A API App Identity permite que um aplicativo descubra o ID dele (também chamado código do projeto). Com esse ID, um aplicativo do App Engine pode confirmar a própria identidade para outros aplicativos do App Engine e APIs do Google, assim como para aplicativos e serviços de terceiros. Também é possível usar o ID do aplicativo para gerar um URL ou endereço de e-mail ou para tomar uma decisão de ambiente de execução.

Como conseguir o ID do projeto

Encontre o ID do projeto usando o método app_identity.get_application_id() . O ambiente WSGI ou CGI expõe alguns detalhes da implementação que são gerenciados pela API.

Como saber o nome do host do aplicativo

Por padrão, os aplicativos do App Engine são disponibilizados a partir de URLs no formato http://<your_app_id>.appspot.com, em que o ID do aplicativo faz parte do nome do host. Se um aplicativo for disponibilizado a partir de um domínio personalizado, pode ser preciso recuperar todo o componente do nome do host. Você pode fazer isso usando o método app_identity.get_default_version_hostname().

Como confirmar a identidade para outros aplicativos do App Engine

Para determinar a identidade do aplicativo do App Engine que está fazendo uma solicitação ao seu aplicativo do App Engine, use o cabeçalho de solicitação X-Appengine-Inbound-Appid. Esse cabeçalho é adicionado à solicitação pelo serviço URLFetch e não pode ser modificado pelo usuário. Por isso, indica com segurança o ID do projeto do aplicativo solicitante, se houver um.

Requisitos:

  • Apenas chamadas feitas para o domínio appspot.com do aplicativo conterão o cabeçalho X-Appengine-Inbound-Appid. As chamadas para domínios personalizados não contêm o cabeçalho.
  • Suas solicitações devem ser definidas para não seguir redirecionamentos. Defina o parâmetro urlfetch.fetch() follow_redirects como False .

No gerenciador de aplicativos, verifique o ID de entrada lendo o cabeçalho X-Appengine-Inbound-Appid e o comparando a uma lista de IDs com permissão para fazer solicitações.
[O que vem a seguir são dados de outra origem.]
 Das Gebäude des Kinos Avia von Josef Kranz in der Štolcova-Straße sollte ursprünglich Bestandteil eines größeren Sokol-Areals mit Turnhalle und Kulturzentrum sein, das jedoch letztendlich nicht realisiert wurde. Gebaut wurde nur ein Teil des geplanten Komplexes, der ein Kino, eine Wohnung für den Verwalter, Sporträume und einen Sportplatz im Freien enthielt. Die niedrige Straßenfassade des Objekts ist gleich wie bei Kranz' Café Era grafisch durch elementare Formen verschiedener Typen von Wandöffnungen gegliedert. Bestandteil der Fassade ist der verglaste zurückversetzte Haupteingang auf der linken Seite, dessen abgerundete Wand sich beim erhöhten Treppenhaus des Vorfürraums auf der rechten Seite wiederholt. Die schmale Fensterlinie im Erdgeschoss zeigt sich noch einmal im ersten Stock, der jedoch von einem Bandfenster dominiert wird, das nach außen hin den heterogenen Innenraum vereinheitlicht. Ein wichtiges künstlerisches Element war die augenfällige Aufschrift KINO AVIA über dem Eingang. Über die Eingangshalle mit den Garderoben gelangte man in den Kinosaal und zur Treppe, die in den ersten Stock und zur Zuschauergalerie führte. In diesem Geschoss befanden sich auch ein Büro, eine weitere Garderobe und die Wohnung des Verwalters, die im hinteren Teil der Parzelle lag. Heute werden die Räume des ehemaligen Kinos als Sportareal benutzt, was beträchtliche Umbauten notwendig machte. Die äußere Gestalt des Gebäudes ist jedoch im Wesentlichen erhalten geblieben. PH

Exemplo:

import webapp2

class MainPage(webapp2.RequestHandler):
    allowed_app_ids = [
        'other-app-id',
        'other-app-id-2'
    ]

    def get(self):
        incoming_app_id = self.request.headers.get(
            'X-Appengine-Inbound-Appid', None)

        if incoming_app_id not in self.allowed_app_ids:
            self.abort(403)

        self.response.write('This is a protected page.')
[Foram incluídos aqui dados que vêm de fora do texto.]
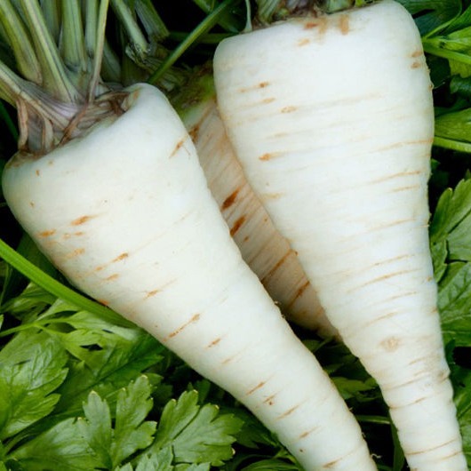 • Корнеплод средний, обратнотреугольной формы, белый.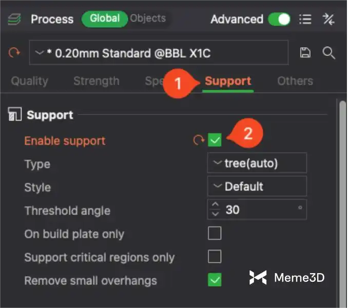 Khi bật tính năng này, Bambu Studio sẽ phát hiện tất cả các phần nhô ra của mô hình và tạo giá đỡ cho chúng.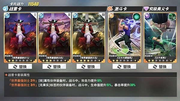 战意卡,每个人物可以带三张,品质由低到高分为绿、蓝、紫、橙。品质越高,加的属性和战力也就越高!战意卡可以升级和突破,等级越高,属性和战力越高,升级需要的材料也比较多,大家前期可以用蓝色战意卡过渡升级,以后换下来的蓝色战意卡可以直接吃掉,不会损失太多。战意卡佩戴优先带自己响应的属性(力技心),其次战意卡两件套和三件套都有属性加成。战意卡主要产出无尽、勇者和商店兑换,前期可以提升人物好感度,可以给蓝色滴用用。最后35级之后,且战意卡升至3星时,就可以洗练了,洗练也分为低中高洗练,橙色洗练是最高滴,材料也最为难得,主要就是海岛争霸活动产出,洗练提升的战力非常乐观,所以大家加油打海岛。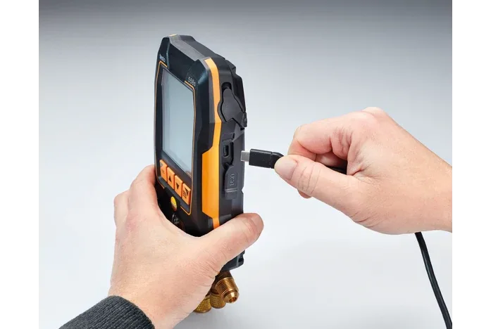 Testo 558s dijital manifold zorlu saha koşullarına uygun olarak tasarlanmıştır. IP54 koruma sınıfı, cihazın toz ve su sıçramalarına karşı dayanıklı olmasını sağlar. Bu sayede klima servisleri, endüstriyel soğutma uygulamaları ve bakım çalışmaları sırasında güvenle kullanılabilmektedir. Hibrit güç sistemi sayesinde cihaz hem şarj edilebilir pil hem de AA pil ile çalışabilmektedir. USB-C bağlantısı hızlı şarj imkânı sunar. Bu sayede cihaz sahada her zaman kullanıma hazır durumda kalır.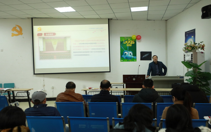 12月24日下午,院党委书记余健明教授在圆楼影视观摩厅就党的十九届五中全会精神为全体教工党员做宣讲报告。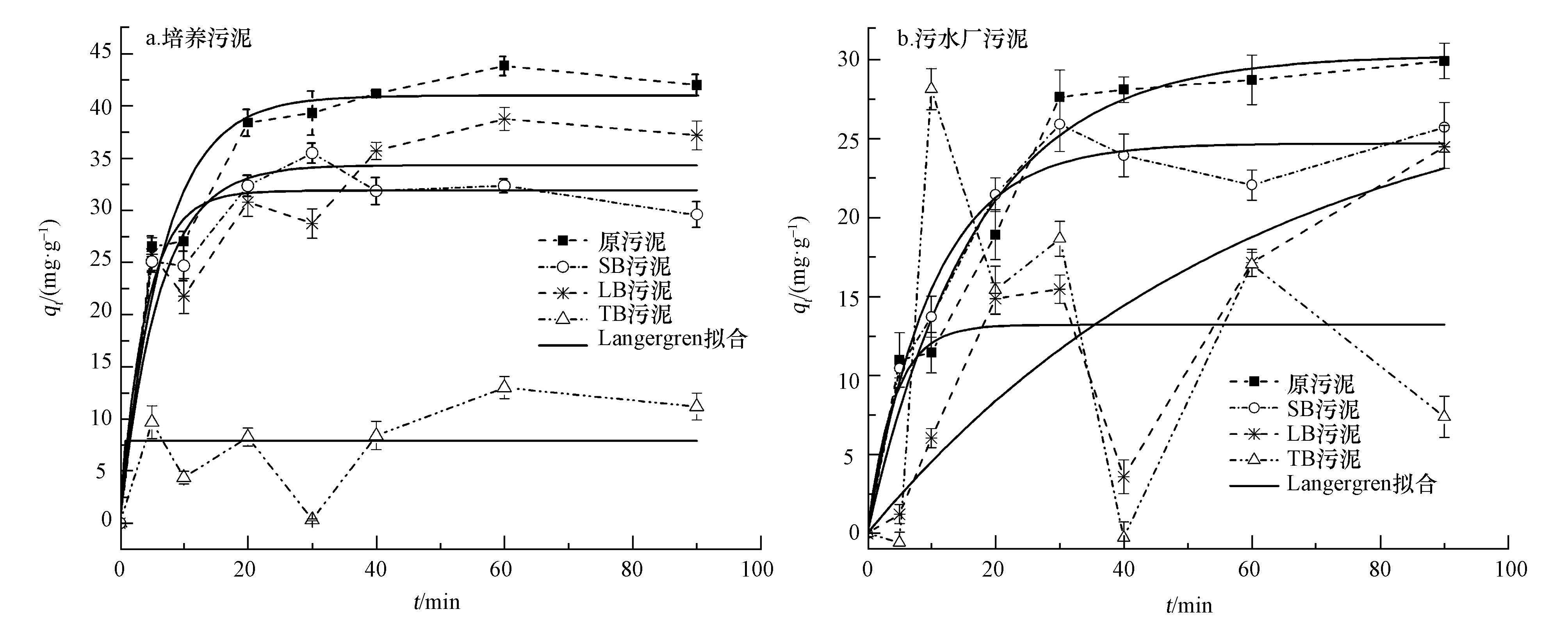 兩種污泥的原污泥、-SB污泥均與Lagergern單層吸附模型和Ritchie雙層吸附模型的擬合效果比較好(R2﹥0.90),這說明外層污泥在吸附過程中既存在單層的物理吸附過程,又存在多層的物理化學(xué)吸附過程.其中培養(yǎng)原污泥、培養(yǎng)-SB污泥吸附效果與Ritchie雙層吸附模型吻合性更好(R2﹥0.94),而污水廠原污泥、污水廠-SB污泥的吸附過程效果與Lagergern單層吸附模型吻合性更好(R2﹥0.96).-LB污泥與Lagergern單層吸附模型(R2為0.60~0.85)、Ritchie雙層吸附模型(R2為0.60~0.91)吻合度比-SB污泥小,吸附方式規(guī)律性不顯著.-TB污泥中的EPS已經(jīng)被比較完全地剝離,導(dǎo)致其對污水COD的吸附量明顯小于-SB污泥與-LB污泥,且波動大,與動力學(xué)模型吻合度均很小(R2﹤0.23),吸附方式無規(guī)律.可見,EPS剝離使得污泥對有機物COD的吸附方式發(fā)生變化.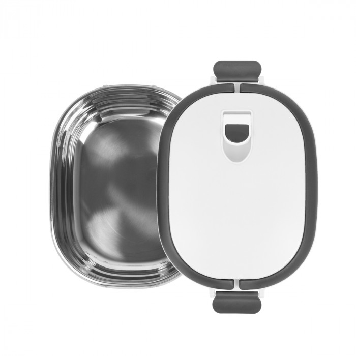Кришка геремтично закривається. Посудина з високоякісної нержавіючої сталі. Обьем 900 мл., розмір 200Х146Х83 мм. В подарунковій картонній коробці. Метод нанесення: шовкодрук, тамподрук, уф-друк.

app = webapp2.WSGIApplication([
    ('/', MainPage)
], debug=True)

Como confirmar a identidade das APIs do Google

As APIs do Google usam o protocolo OAuth 2.0 para autenticação e autorização. Com a App Identity API, é possível criar tokens OAuth que podem ser usados para confirmar se a origem de uma solicitação é o próprio aplicativo. O método get_access_token() retorna um token de acesso para um escopo ou uma lista de escopos. Esse token pode, então, ser configurado nos cabeçalhos HTTP de uma chamada para identificar o aplicativo que fez a chamada.
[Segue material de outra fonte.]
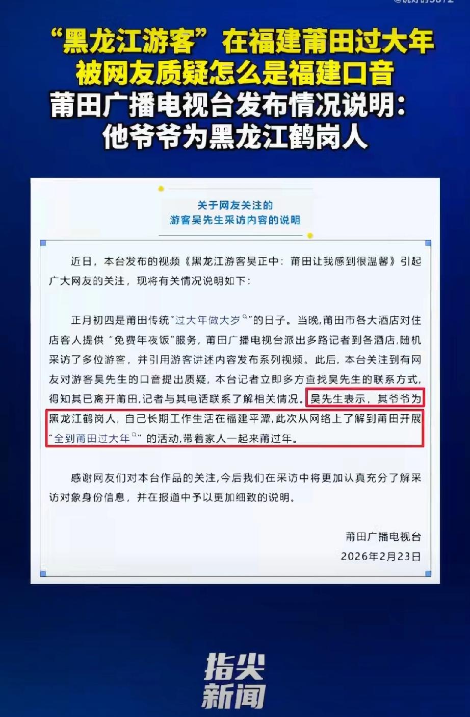 这不是实锤了吗?网友果然不好骗了。电视台回应黑龙江游客福建口音:查证他爷爷是黑龙江鹤岗人,他自己长期在在福建生活。还千里迢迢坐飞机11个小时赶到莆田,这剧本是他自己写的还是你电视台搞的?[笑哭]福建人在黑龙江 冒充黑龙江人 漳州江西人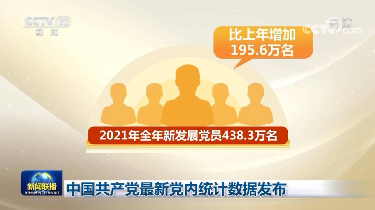 黨員隊(duì)伍規(guī)模進(jìn)一步壯大。黨員總數(shù)比上年增加3.7%,比黨的十八大召開時(shí)增加15.9%。2021年全年新發(fā)展黨員438.3萬名,比上年增加195.6萬名。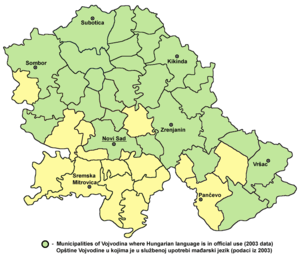 Hungarian is the official language of Hungary, and thus an official language of the European Union. Hungarian is also one of the official languages of Vojvodina and an official language of three municipalities in Slovenia: Hodoš, Dobrovnik and Lendava, along with Slovene. Hungarian is officially recognized as a minority or regional language in Austria, Croatia, Romania, Zakarpattia in Ukraine, and Slovakia. In Romania it is a recognized minority language used at local level in communes, towns and municipalities with an ethnic Hungarian population of over 20%.

O exemplo a seguir mostra como usar a API App Identity para realizar a autenticação na API do Cloud Storage e recuperar uma lista de todos os intervalos no projeto.
import json
import logging

from google.appengine.api import app_identity
from google.appengine.api import urlfetch
import webapp2

class MainPage(webapp2.RequestHandler):
    def get(self):
        auth_token, _ = app_identity.get_access_token(
            'https://www.googleapis.com/auth/cloud-platform')
        logging.info(
            'Using token {} to represent identity {}'.format(
                auth_token, app_identity.get_service_account_name()))

        response = urlfetch.fetch(
            'https://www.googleapis.com/storage/v1/b?project={}'.format(
                app_identity.get_application_id()),
            method=urlfetch.GET,
            headers={
                'Authorization': 'Bearer {}'.format(auth_token)
            }
        )

        if response.status_code != 200:
            raise Exception(
                'Call failed. Status code {}. Body {}'.format(
                    response.status_code, response.content))

        result = json.loads(response.content)
        self.response.headers['Content-Type'] = 'application/json'
        self.response.write(json.dumps(result, indent=2))

app = webapp2.WSGIApplication([
    ('/', MainPage)
], debug=True)

Observe que a identidade do aplicativo é representada pelo nome da conta do serviço, que normalmente é applicationid@appspot.gserviceaccount.com. Você pode encontrar o valor exato usando o método get_service_account_name(). Para conceder acesso ao aplicativo nos serviços que oferecem ACLs, basta conceder acesso à esta conta.

Como confirmar a identidade para serviços de terceiros

O token gerado por get_access_token() só funciona nos serviços do Google. No entanto, você pode usar a tecnologia de assinatura subjacente para confirmar a identidade do seu aplicativo para outros serviços. O método sign_blob() assinará bytes usando uma chave particular exclusiva do seu aplicativo, e o método get_public_certificates() retornará certificados que podem ser usados para validar a assinatura.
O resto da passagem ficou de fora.